Description of the task
Nothing but the records, transcribed verbatim and stripped of images, should appear in the answer.

*** Opening Dataset ***

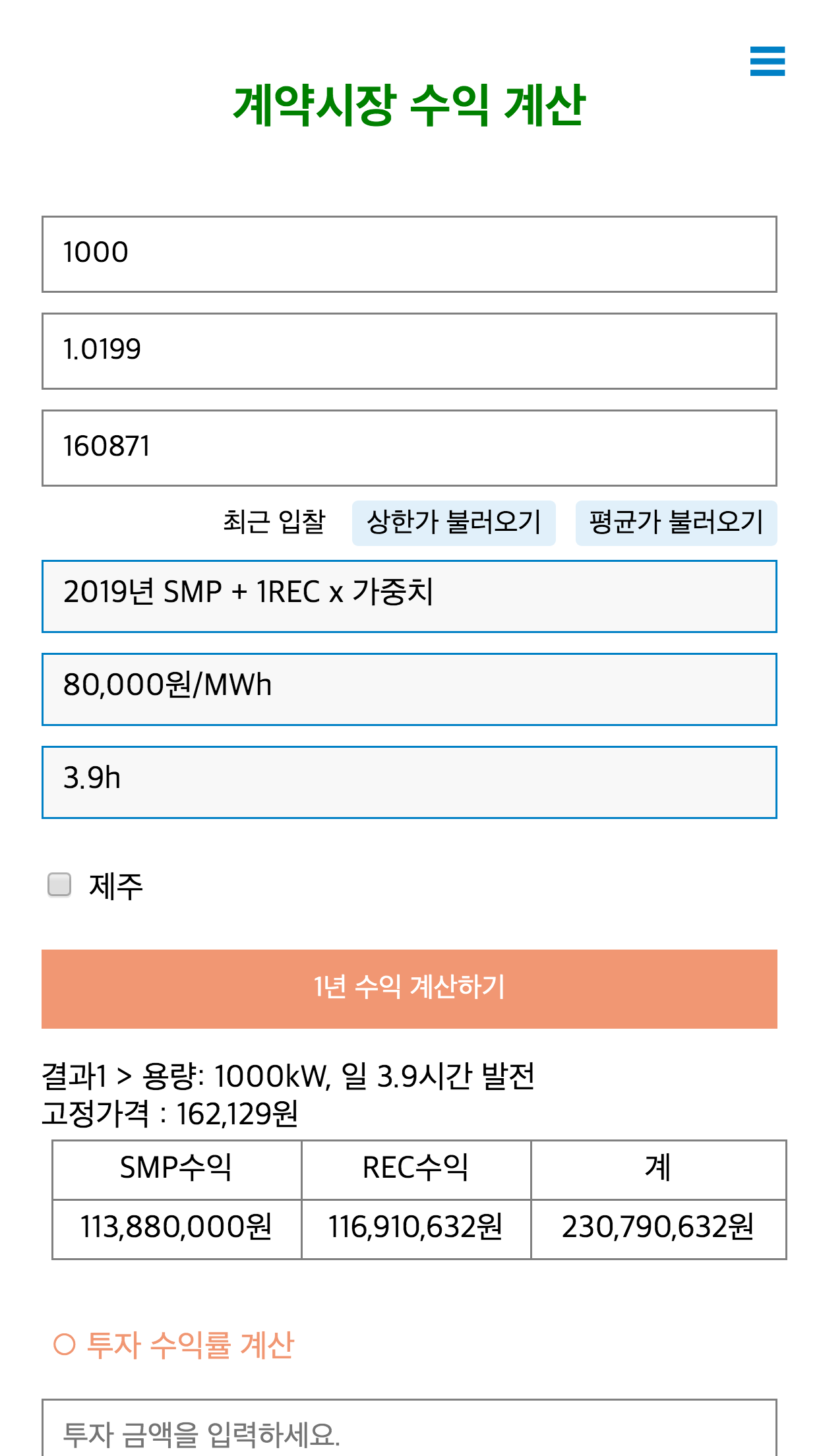 다음은 1MW 발전소 수익을 계산해 보겠습니다.
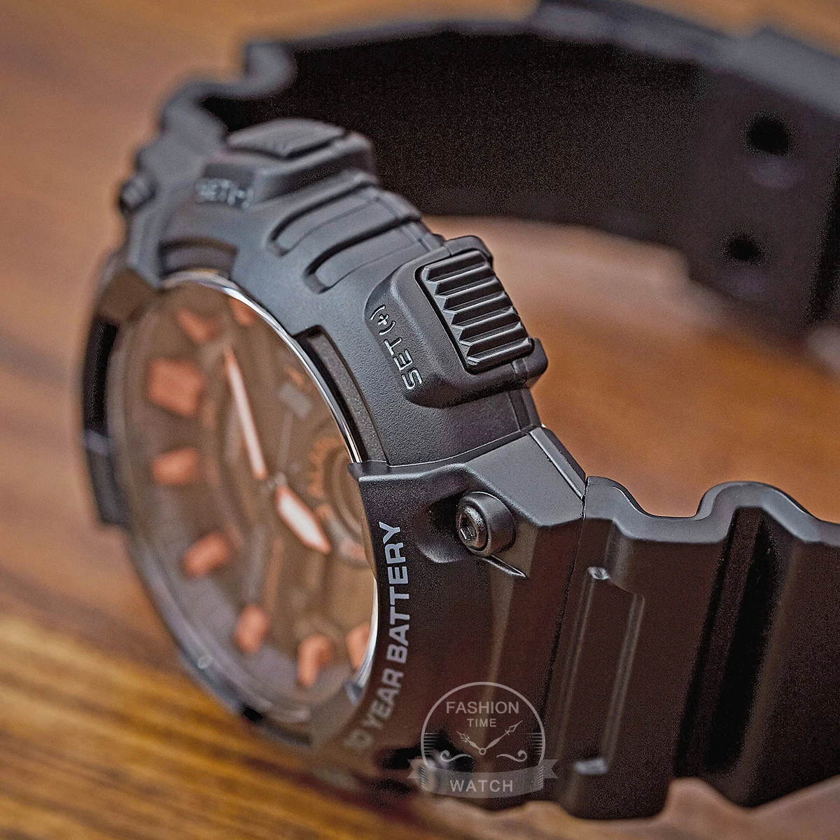 Case / bezel material: Resin Resin Band Resin Glass 100-meter water resistance Telememo Memory capacity: Up to 30 sets of data, with 8-character name and 16-digit telephone number World time Current time in 30 cities (29 time zones), daylight saving on/off second stopwatch Countdown timer 3 daily alarms Hourly time signal Full auto-calendar (to year 2099) 12/24-hour format Regular timekeeping Analog: 2 hands (hour, minute (hands move every 20 seconds)) Digital: Hour, minute, second, am/pm, month, date, day Accuracy: ±30 seconds per month Approx. battery life: 10 years on CR2025
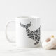 Tauchen Sie ein in den Alltag mit dieser Tasse mit einer künstlerischen Silhouette eines Wals, der aus kleinen Fischen besteht. Ein paar kühne Schwimmer machen sich in den offenen Mund des Wales, und fügen jedem Schluck eine Touch Geschichtenerzählen hinzu. Diese Tasse ist ideal für Ozeanliebhaber, Kunstliebhaber und alle, die ein gedankenvolles Design lieben.
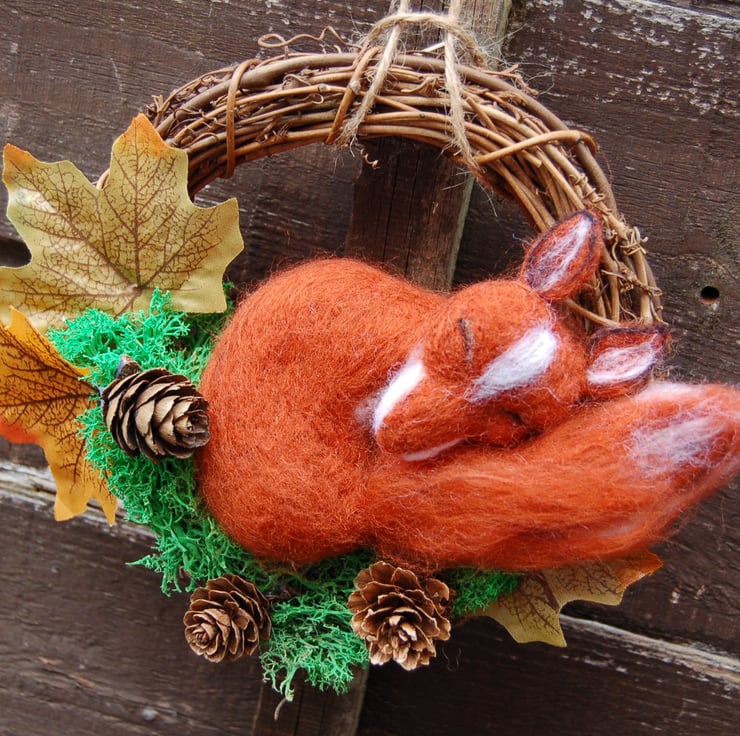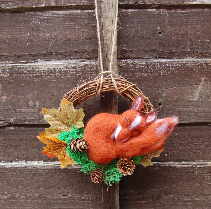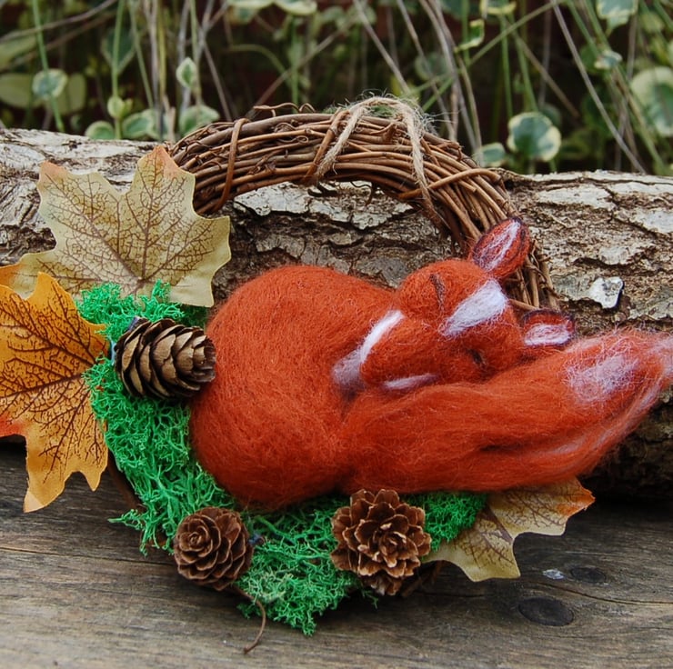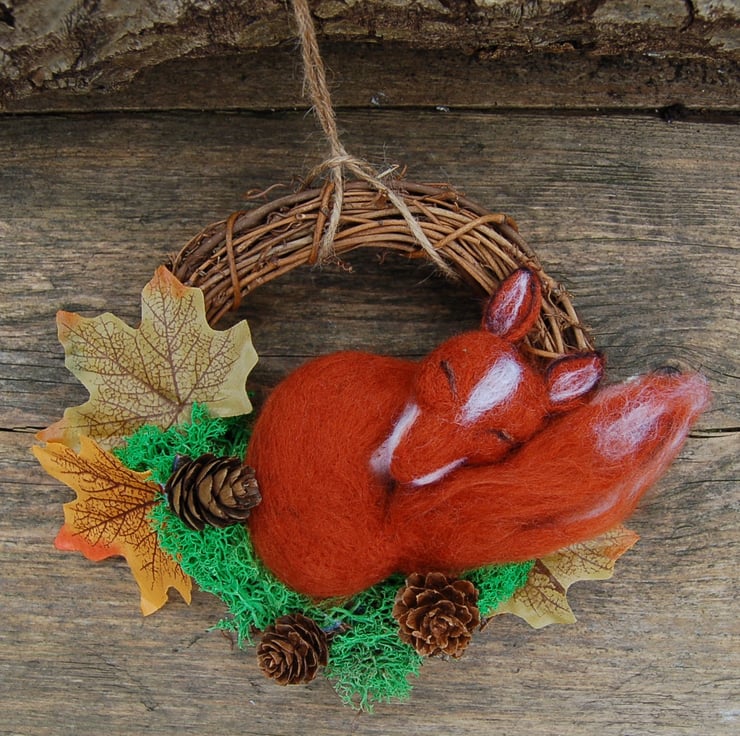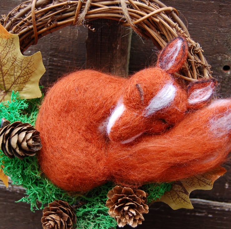 I've used wool fibres to needle felt a lovely fox asleep with its head on its tail. Attached to a vine stem wreath, with fabric flowers, reindeer moss and pine cones. I've attached a length of hem twine as a hanger but the wreath can be also be displayed laid flat
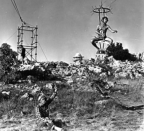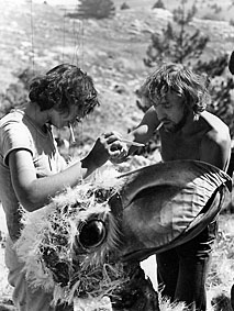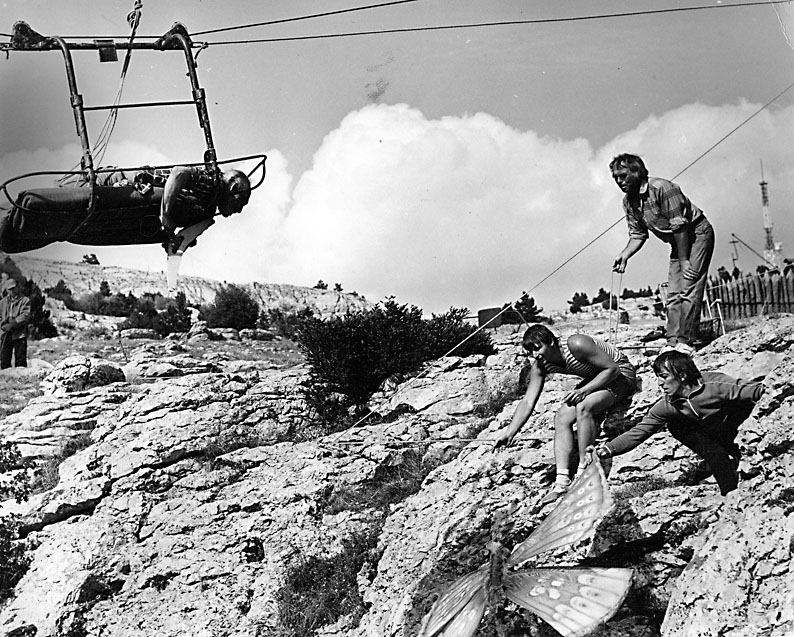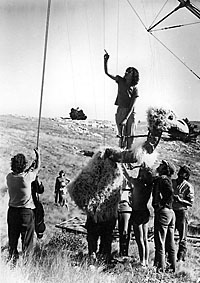 Ввиду того, что камера стояла сбоку и немного выше меня, я решил, что не будет большого криминала, если я проковыряю маленькую дырочку в задней части птичьего брюха. Тем более, что географически она совпадала с реальным отверстием реального птенца птицы Рок. И я сделал дырку. Это было маленькое, величиной с нынешнюю десятикопеечную монету отверстие, но я обрел визуальный контакт с почвой! Я увидел землю! Это была радость мореплавателя, дожевавшего последние сапоги и отчаявшегося сойти на берег! Мои прыжки стали осмысленными! И хотя визуальный контакт с почвой осуществлялся через задницу, я себя в ней уже не чувствовал! Съемки продолжаются!

*** Closing Dataset ***

Expected output
 다음은 1MW 발전소 수익을 계산해 보겠습니다.
 Case / bezel material: Resin Resin Band Resin Glass 100-meter water resistance Telememo Memory capacity: Up to 30 sets of data, with 8-character name and 16-digit telephone number World time Current time in 30 cities (29 time zones), daylight saving on/off second stopwatch Countdown timer 3 daily alarms Hourly time signal Full auto-calendar (to year 2099) 12/24-hour format Regular timekeeping Analog: 2 hands (hour, minute (hands move every 20 seconds)) Digital: Hour, minute, second, am/pm, month, date, day Accuracy: ±30 seconds per month Approx. battery life: 10 years on CR2025
 Tauchen Sie ein in den Alltag mit dieser Tasse mit einer künstlerischen Silhouette eines Wals, der aus kleinen Fischen besteht. Ein paar kühne Schwimmer machen sich in den offenen Mund des Wales, und fügen jedem Schluck eine Touch Geschichtenerzählen hinzu. Diese Tasse ist ideal für Ozeanliebhaber, Kunstliebhaber und alle, die ein gedankenvolles Design lieben.
 I've used wool fibres to needle felt a lovely fox asleep with its head on its tail. Attached to a vine stem wreath, with fabric flowers, reindeer moss and pine cones. I've attached a length of hem twine as a hanger but the wreath can be also be displayed laid flat
 Ввиду того, что камера стояла сбоку и немного выше меня, я решил, что не будет большого криминала, если я проковыряю маленькую дырочку в задней части птичьего брюха. Тем более, что географически она совпадала с реальным отверстием реального птенца птицы Рок. И я сделал дырку. Это было маленькое, величиной с нынешнюю десятикопеечную монету отверстие, но я обрел визуальный контакт с почвой! Я увидел землю! Это была радость мореплавателя, дожевавшего последние сапоги и отчаявшегося сойти на берег! Мои прыжки стали осмысленными! И хотя визуальный контакт с почвой осуществлялся через задницу, я себя в ней уже не чувствовал! Съемки продолжаются!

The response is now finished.